The TEMPO method first applies reversible normalization to each global component to facilitate information transfer and minimize distribution shift-induced losses.

Additionally, a reconstruction loss function based on Mean Squared Error (MSE) is implemented to ensure that the local decomposition components align with the global decomposition observed in the training dataset.

Next, the time series data is segmented with positional encoding added to extract local semantics by aggregating adjacent time steps into tokens. This significantly expands the historical horizon while reducing redundancy.

The resulting time series tokens are then passed through an embedding layer. These learned embeddings enable the language model architecture to effectively transfer its capabilities to a new sequential modality of the time series data.
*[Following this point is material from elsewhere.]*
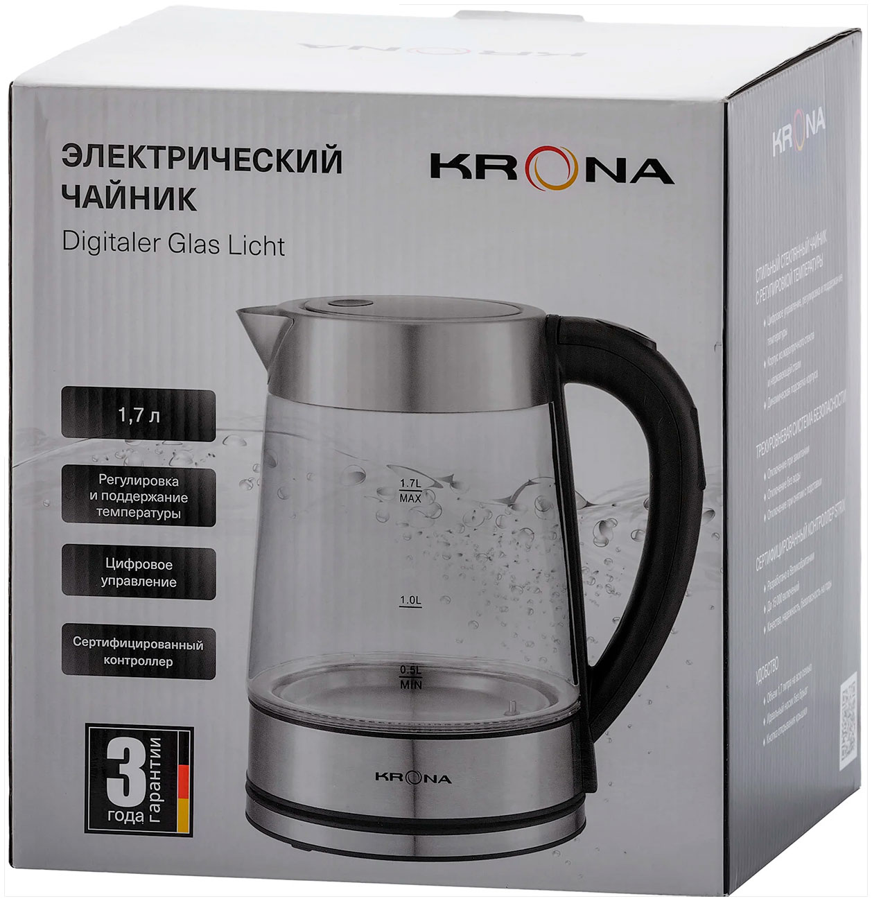 Цвет нержавеющая сталь Режимов работы 5 Гарантийный срок (месяцы) 24 Страна производитель Китай Ссылка на сайт производителя https://krona.ru/catalog/small-household-appliances/electric-kettles/digitaler_glas_licht_1_7l/ Материал корпуса металл, стекло, пластик Мощность, Вт 2200 Терморегулятор есть Автоматическое отключение да Объем 1,7 л - Отзывы

Prompting techniques have demonstrated remarkable effectiveness across various applications by applying prior knowledge encoded in carefully designed prompts. This success is attributed to prompts providing structure that aligns model outputs with desired objectives. This enhances accuracy, consistency, and overall content quality. In an effort to exploit the rich semantic information inherent in different time series components, the authors introduce a softened prompting strategy. This approach generates distinct prompts corresponding to each primary time series component: trend, seasonality, and residuals. These prompts are combined with their respective raw data components, enabling a more advanced sequence modeling approach that accounts for the multifaceted nature of time series data.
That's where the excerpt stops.